Behaviour of "eval" under "set -e" in conditional expression

That no other shell needs such workaround is an strong indication that it is a bug in OpenBSD ksh. In fact, ksh93 doesn't show such issue.

That there is a || in the command line must avoid the shell exit caused by an return code of 1 on the left side of it.

The error of an special built-in shall cause the exit of a non interactive shell acording to POSIX but that is not always true. Trying to continue out of a loop is an error, and continue is a builtin. But most shells do not exit on:

continue 3

A builtin that emits a clear error but doesn't exit.

So, the exit on false is generated by the set -e condition not by the builtin characteristic of the command (eval in this case).

The exact conditions on which set -e shall exit are quite more fuzzy in POSIX.

[sorry if this is not a real answer, I'll update it when I get round to it]

I had a look at the source code, and my conclusions are:

1) It's a bug/limitation, nothing philosophical behind it.

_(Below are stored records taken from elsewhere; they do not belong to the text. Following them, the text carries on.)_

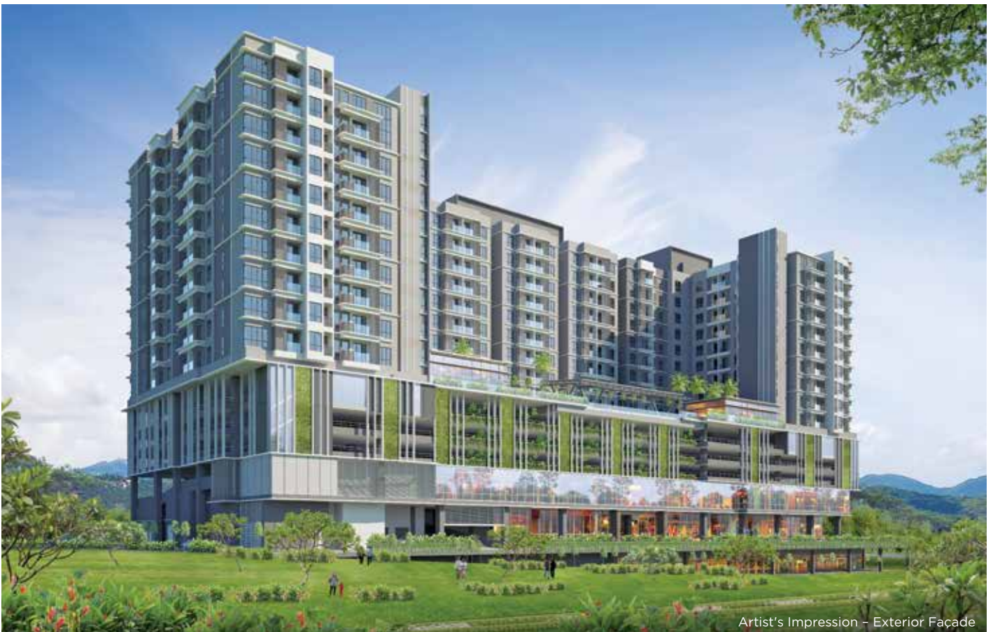
Artist's Impression - Exterior Façade

www.uoa.com.my/property/details/golden-pines/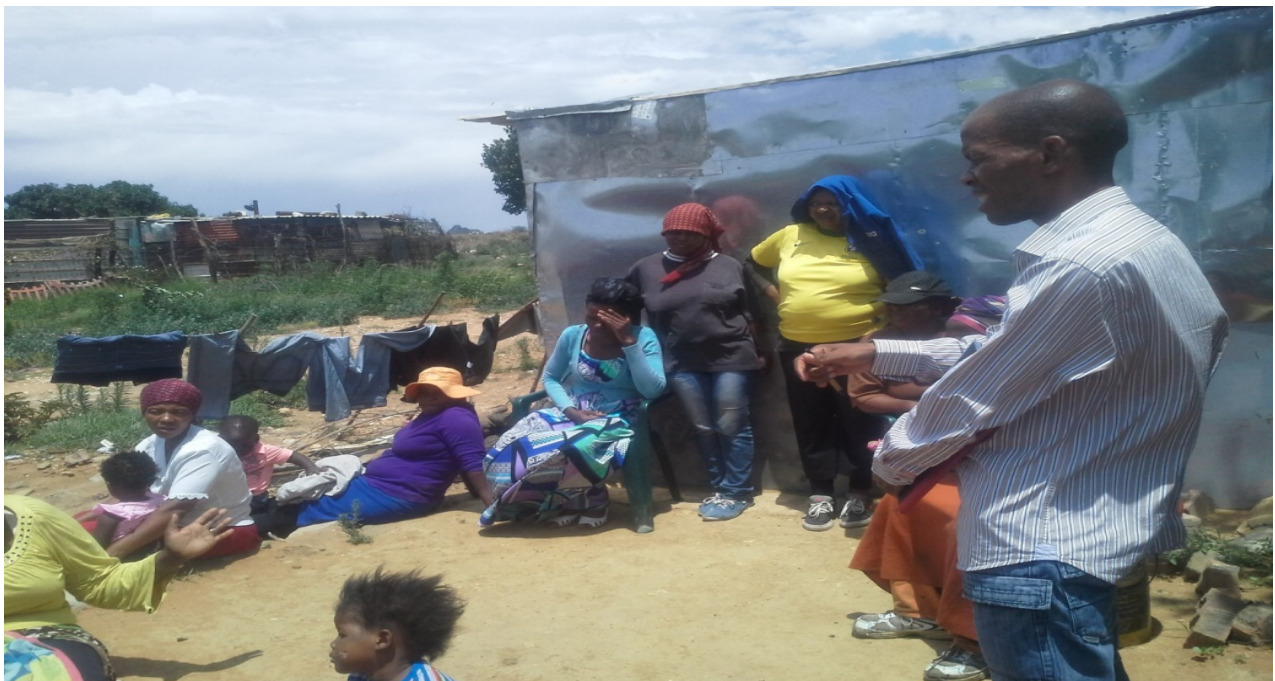
Figure 5: Focus Group Discussion in Ramaphosa Informal Settlement (Picture taken by author: 08/11/ 2015)

The limitation of these expert interviews is in my failed attempts to interview the ward councilor. This could not take place as he kept on requesting a postponement of our meeting up until writing of this report.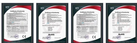
RFID Card Reader CE RFID Card Reader RoHS UHF Reader CE Certificate UHF Reader RoHS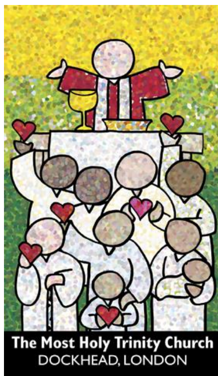
The Most Holy Trinity Church DOCKHEAD, LONDON

Please note that Mass on Friday is in the Convent in Parker's Row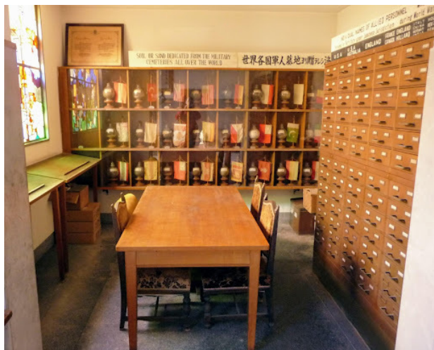
Figure 8: Memorial Hall annex today (photo by David Moreton, 2019).

Along the wall to the right of the vessels are large filing cabinets containing cards with information on 48,146 POWs who died or went missing under Japanese custody during the Second World War (figures 7 and 8). These provide information identifying and explaining the fate of each individual, and are divided into countries with—according to contemporary news reports ( Asahi Shimbun [evening edition] 5 June 1958)—the corresponding number of people: Australia (7,630), Belgium (1), Britain (18,117), Canada (282), China (204), Denmark (1), France (152), Holland (8,558), India and Pakistan (1,619), Italy (6), New Zealand (14), Norway (7), and the United States (11,555). The information on these cards was based on a register requested by the United Nations and compiled by the POW Information Bureau of the Japanese Army, which is now stored, but not openly accessible, at the Ministry of Health, Labor and Welfare ( Asahi Shimbun [evening edition] 31 July 2010).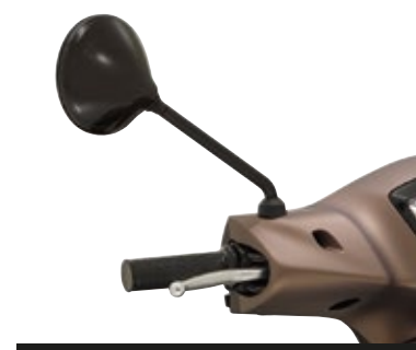
BLACK REAR VIEW MIRRORS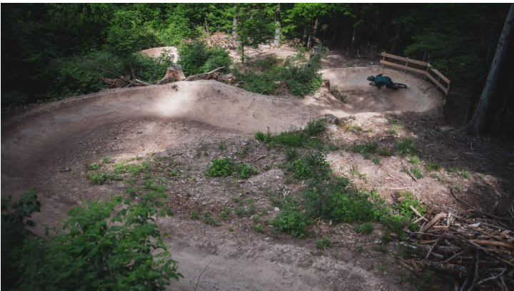
Bikepark Thunersee, Interlaken Tourismus - web@interlaketourism.ch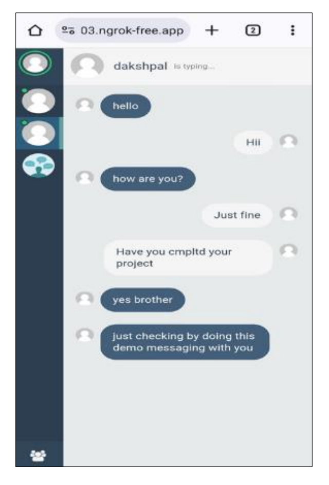
Figure 4 Sender side chat room interface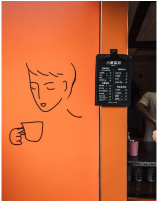
Fig 9. Celebrity shops mainly focus on decoration side

The chase of aesthetic sense seems lead to another excessive end. The space's functions are further weakening in the users' eyes. During the design period, the owners focus on building several corners that are good for taking photos; when the store is ready to use, most users are looking for corners for taking photos. The closed serving circle is good to utilize for running a business, but it is not healthy for the society's aesthetic education. As another way of baroque style, the space chase to impress people at the first sight, regarding being taken into a picture as a success rather than providing people a good use. The ill-conditioned space mission largely shortens the space's lifetime. It is also because the gene of contemporary architecture in China has been dominated by imitation, are detailing, and superficiality [9]. Another side of the information age's convenience is the quick iteration of social hot spots, same thing for the design style. Because the construction period for these stores is short, usually one or two months, the designer must follow the Internet's trend -- what people currently like. Moreover, the design is mainly focus on decoration side rather than some deeper space analysis such as finding the best space combination for use. In this way the store will be out of date after two or three years, because the atmosphere it builds up is no longer popular and besides the atmosphere the space is normal to be forgot.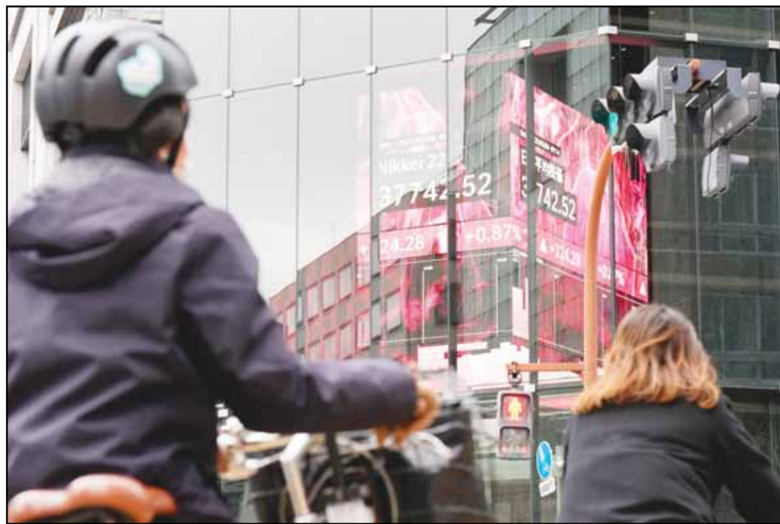
People stand in front of an electronic stock board showing Japan's Nikkei index at a securities firm Thursday, March 6, 2025, in Tokyo.

Much attention will focus Wednesday on forecasts the Fed will publish after its meeting, showing the outlook for interest rates, inflation and the economy. For now, traders on Wall Street are largely expecting the Fed to deliver two or three cuts to rates by the end of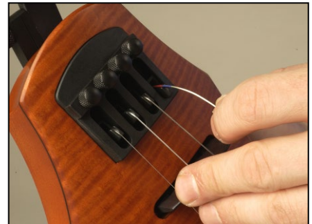
Insert String Through Tuner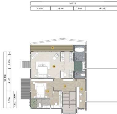
2 st Floor Plan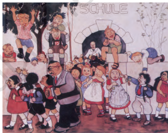
Fig. 24 – Jewish teacher and Jewish pupils expelled from school under the jeers of classmates.

From Der Giftpilz (The Poison Mushroom) by Ernst Hiemer (Nuremberg: der Sturmer , 1938), p. 7. Caption reads: 'The Jewish nose is bent at its point. It looks like the number six.'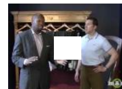
Fashion Tips for Men - Pants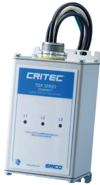
Compact TDX Panel Protector, 100 kA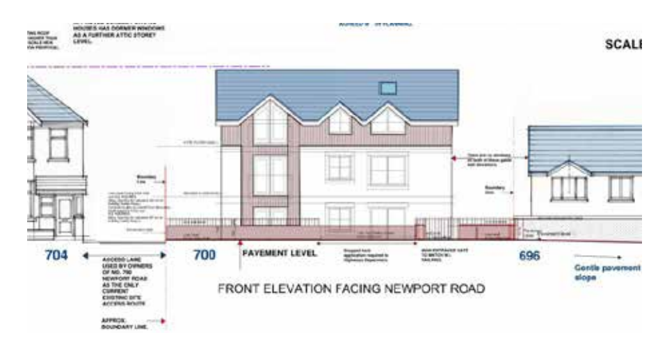
700, Newport Road David Owen Associates Architects

An example of a typical infill development. This was a revised submission that had been reduced in scale to sit more comfortably in its setting. We suggested that living spaces face south, and noted a poor provision for cyclists and positioning of bins. The "timber effect" cladding is not characteristic of the area.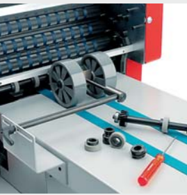
Scoring and perforating.

Multigraf AG Graphic Arts Machines Grindelstrasse 26 CH-5630 Muri Tel. +41 56 675 58 00 Fax +41 56 675 58 60 mail@multigraf.ch www.multigraf.ch

2) The "fix" for it from the portable fork of OpenBSD's ksh (mksh) is very poor, only making things worse, without really fixing it:

New bug, different from all the other shells:

mksh -ec 'eval "false; echo yup"'
yup

bash -ec 'eval "false; echo yup"'
(nothing)

Still not really fixed:

mksh -ec 'eval "set -e; false" || echo yup'
(nothing)

bash -ec 'eval "set -e; false" || echo yup'
yup

You can replace bash above with dash, zsh, yash, ksh93, etc.